__TASK OBJECTIVE__: Skip the pictures. Output only the lines below starting at the line with "ДЗ 1: Векторная" and ending at the line with "徐宏伟手持已经泛黄的刑事判决书。受访者供图", both ends included, exactly as they are.

__STORED DATA__:
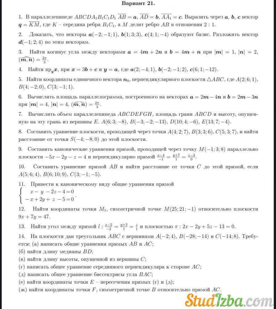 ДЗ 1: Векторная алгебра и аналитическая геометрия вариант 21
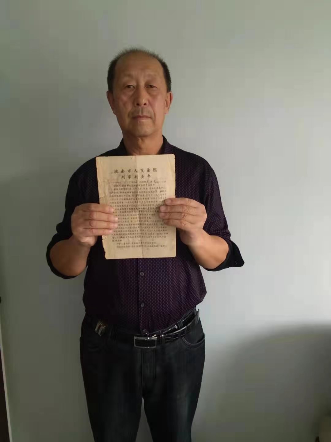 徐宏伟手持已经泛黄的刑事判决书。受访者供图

...

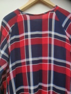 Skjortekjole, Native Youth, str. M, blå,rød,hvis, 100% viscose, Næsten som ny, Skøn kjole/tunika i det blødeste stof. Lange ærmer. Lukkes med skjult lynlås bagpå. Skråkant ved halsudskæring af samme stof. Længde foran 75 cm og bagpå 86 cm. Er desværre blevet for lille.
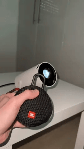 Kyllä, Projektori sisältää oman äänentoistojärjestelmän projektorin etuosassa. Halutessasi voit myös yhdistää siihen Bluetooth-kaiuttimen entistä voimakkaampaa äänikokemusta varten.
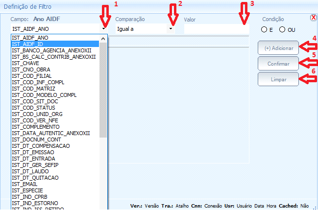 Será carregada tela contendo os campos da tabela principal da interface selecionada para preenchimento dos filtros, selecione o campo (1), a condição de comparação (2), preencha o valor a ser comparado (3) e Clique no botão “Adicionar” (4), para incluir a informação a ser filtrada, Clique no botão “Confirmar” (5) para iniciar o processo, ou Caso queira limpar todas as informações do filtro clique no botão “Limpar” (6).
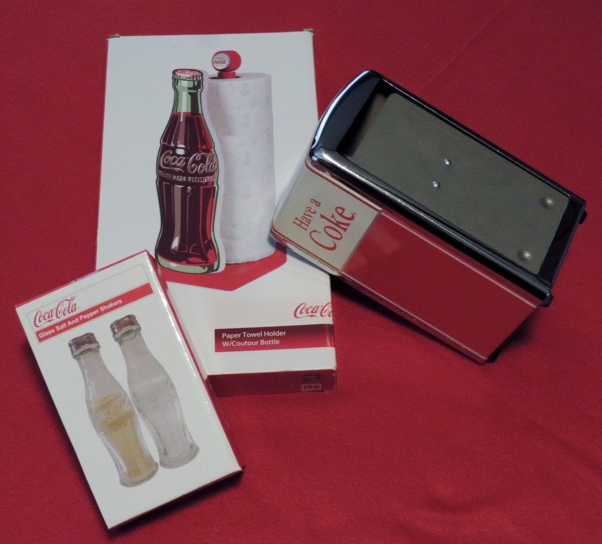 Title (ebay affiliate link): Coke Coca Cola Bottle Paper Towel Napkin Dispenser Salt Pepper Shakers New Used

__RESPONSE TO THIS EXERCISE__:
 ДЗ 1: Векторная алгебра и аналитическая геометрия вариант 21
 徐宏伟手持已经泛黄的刑事判决书。受访者供图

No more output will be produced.